Several studies have provided evidence of the effectiveness of cooling in improving mobility in people with MS. However, many modalities may not be feasible (eg, cold water immersion) or too costly (eg, technologically advanced cooling suits) for regular clinical practice. In this study, we intentionally examined an inexpensive and easily obtainable device that is often provided for free in the United States by MS advocacy groups. This represents a means by which MS mobility deficits can be effectively managed at minimal cost.
Despite our positive findings, our study has several limitations. Although diverse, our sample was relatively small. Our study was unblinded, so participants may have simply thought the CC was better for walking. However, since there was no significant difference in perceptions of fatigue between the 2 conditions, unblinding may not have been an issue. This absence of difference may be attributable to objective and subjective fatigue being separate phenomena, or it may represent a limitation in using a self-report fatigue measure. Moreover, unlike previous MS cooling studies, we did not attempt to use sham cooling. Whether sham cooling would have served as an appropriate control condition is questionable—a sham vest could have acted as a layer of insulation, preventing heat loss and elevating core temperature in already thermosensitive people.
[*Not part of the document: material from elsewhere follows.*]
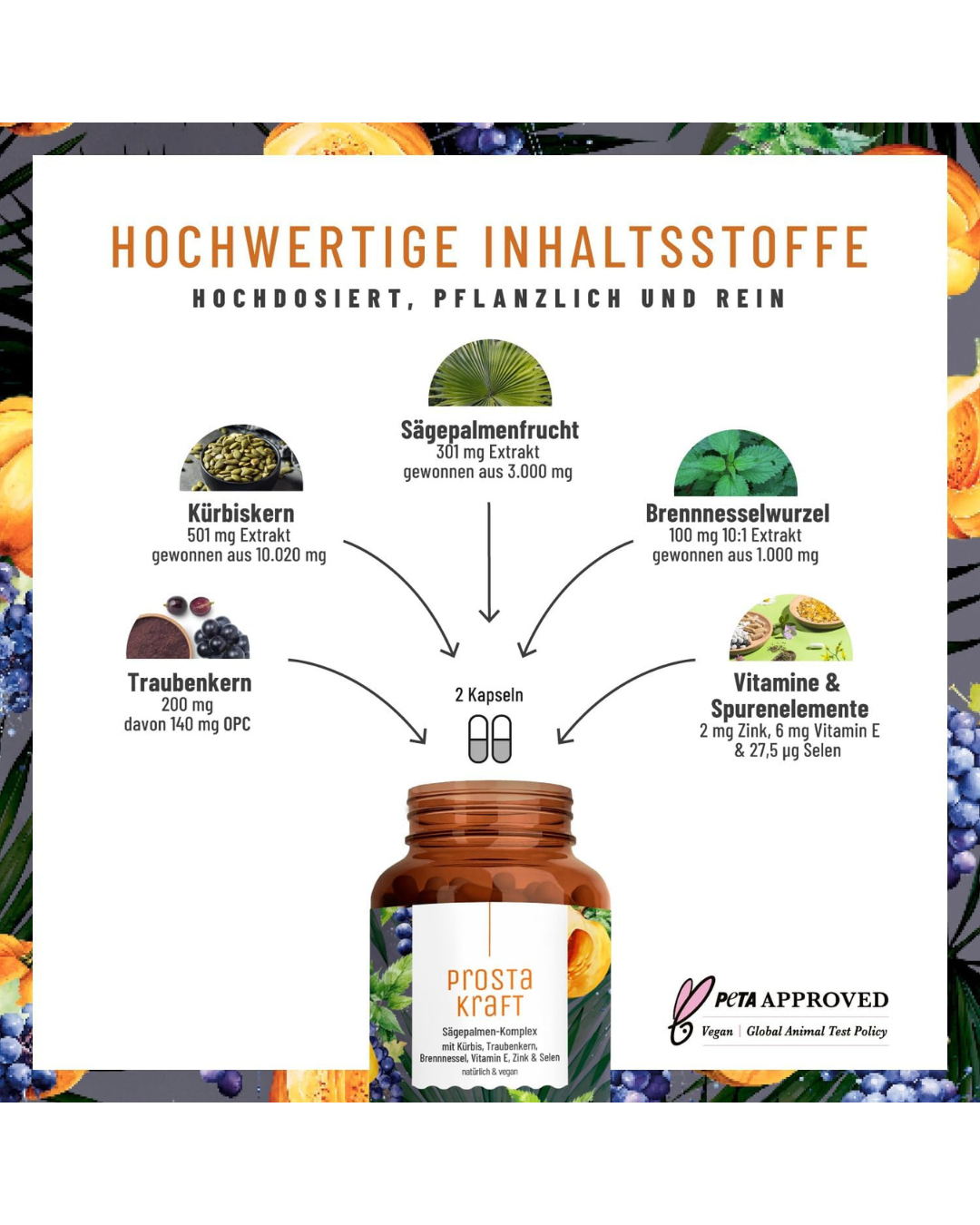 Kürbiskern-Extrakt (Cucurbita pepo), Sägepalmenfrucht-Extrakt (Serenoa repens), Überzugsmittel: Hydroxypropylmethylcellulose (pflanzliche Kapselhülle), Traubenkern-Extrakt (Vitis vinifera), Reismehl, Brennnesselblatt-Extrakt (Urtica dioica L.), Zinkgluconat, DL-alpha-Tocopherylacetat, Natriumselenit.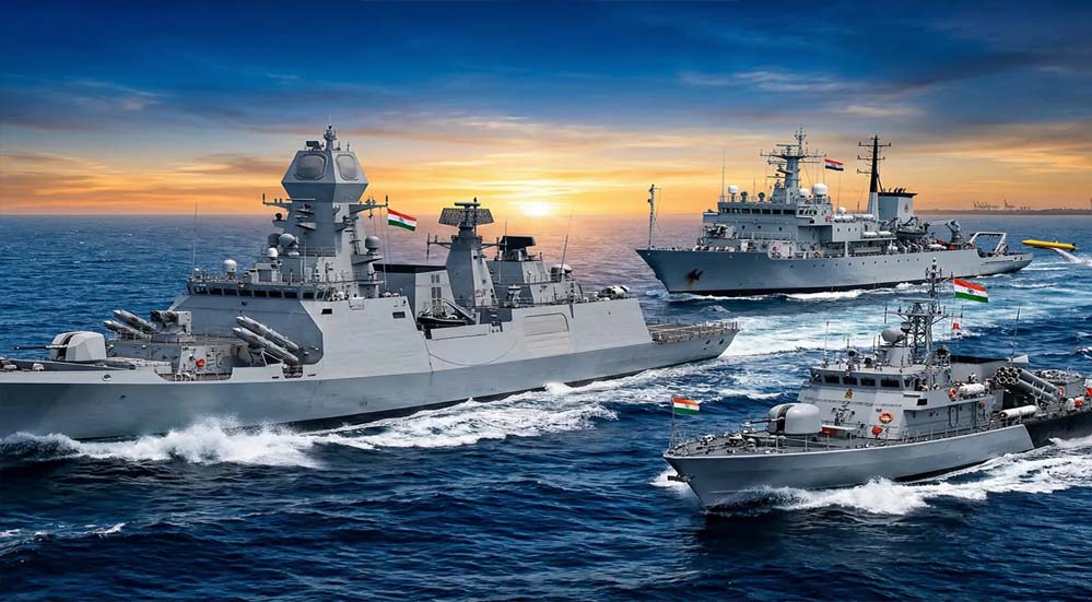 हिंद महासागर क्षेत्र में चीन की बढ़ती उपस्थिति के बीच भारत की समुद्री ताकत को एक बड़ा बढ़ावा मिला है। भारतीय नौसेना को सोमवार को कोलकाता में गार्डन रीच शिपबिल्डर्स एंड इंजीनियर्स लिमिटेड (GRSE) से एक ही दिन में तीन नए जहाज प्राप्त हुए हैं। इनमें दो युद्धपोत (एक स्टेल्थ फ्रिगेट सहित) और एक बड़ा सर्वेक्षण पोत शामिल हैं। इन तीनों पोतों के नाम दूनागिरी, अग्रेय और संशोधक हैं।

Therefore, we believed that comparing the cooling vest with an uncooled condition or standard of care resulted in a more valid testing of our hypothesis.
We did not use heat sensitivity as an inclusion criterion, as it is measured exclusively by self-report. It is not known whether self-reports of heat sensitivity actually represent a physiologic limitation in function associated with a rise in temperature, and therefore, it would be unclear as to whether our results would have different effects on those who do and do not report heat sensitivity. Saying that one is heat sensitive is not the same thing as having a worsening performance as body temperature increases. A future research topic may be whether people with MS who do report heat sensitivity perform differently with cooling than those who do not. Thermosensitivity in MS may be a similar phenomenon to MS fatigue, as it may have both subjective and objective components.
Conclusions
This study provides evidence that the use of cooling vests can be effective in limiting the impact of fatigue during walking in people with MS. Treating clinicians should consider the use of cooling vests to improve their patients’ walking endurance.